Technical Standards for the PA Program


All students must be able to perform the technical skills listed below for successful completion of the Morehouse School of Medicine Physician Assistant Program.

1. Observation

  • Observe demonstrations and conduct experiments in the basic sciences.
  • Observe a patient accurately at a distance and close at hand, noting non-verbal as well as verbal signals. This ability requires functional vision, hearing, and somatic sensation.

2. Communication

  • Relate effectively with patients, conveying a sense of respect, compassion, and empathy. A student must be able to communicate clearly with and observe patients in order to elicit information, accurately describing changes in mood, activity and posture, and perceive verbal as well as non-verbal communications.
  • Communicate with patients, their family members, and the health care team through oral, written, and electronic forms.
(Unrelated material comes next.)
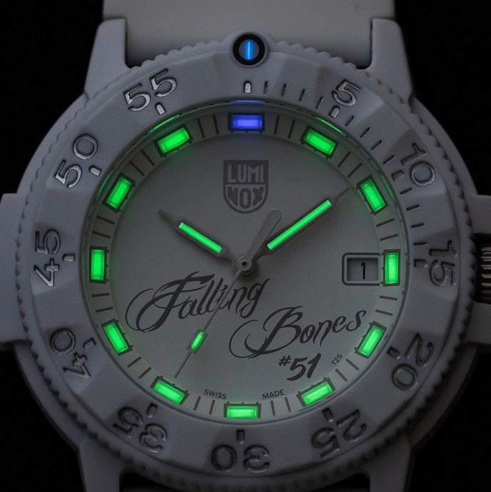 ダイアルに配したバーインデックスはシンプルながら「LLT」により夜間も計時可能。「#51」はKOUICHI と1951年生まれに由来。フォーリングボーンズのロゴに加え、裏蓋には岩城氏のサインデザインが刻印。

3. Sensory and Motor Coordination or Function

  • Demonstrate sufficient sensory and motor function to perform a physical examination utilizing palpation, auscultation, percussion, and other diagnostic maneuvers.
  • Execute prompt, precise, and appropriate responses to provide general and emergency care to patients.
  • Manipulate equipment and instruments to perform medical procedures required to attain curricular goals and patient care (e.g. needles, stethoscope, ophthalmoscope, tongue blades, intravenous equipment, gynecologic speculum, and scalpel).
  • Perform basis laboratory tests (urinalysis, complete blood count, etc.), and diagnostic and therapeutic procedures (phlebotomy, arterial blood gas drawings, lumbar puncture, arthrocentesis, etc.).

4. Cognitive, Integrative and Quantitative Abilities

  • Conceptualize, integrate and qualitatively analyze information derived empirically and rationally for problem solving and decision-making.  This includes abilities to reason, calculate, analyze, measure and synthesize information in a variety of settings, including those that may be urgent with increased transient stress and distractions. 
  • Comprehend three-dimensional relationships and spatial relationships of structures, including anatomical structures.  
  • Collect, organize, prioritize, analyze and assimilate large amounts of technically detailed and complex information within a limited time frame. This information will be presented in a variety of educational settings, including lectures, small group discussions, and individual clinical settings.

5. Behavioral and Social Attributes

  • Demonstrate empathy, integrity, honesty, concern for others, good interpersonal skills, interest and motivation as these personal qualities are all required during the educational training process and in patient care.
  • Demonstrate cultural competence in all encounters with peers, patients and their families.
  • Possess the emotional health required for full use of their intellectual abilities, that include the exercise of good judgment, prompt of all educational and clinical responsibilities, and the development of mature, sensitive and effective professional relationships with patients and member of the medical team.
  • Possess adequate endurance to tolerate mentally and physically taxing workloads and adapt to changing environments, display flexibility and learn to function in the face of uncertainties inherent in the clinical problems of many patients.
  • Demonstrate cultural competence in all encounters with peers, patients, and the families.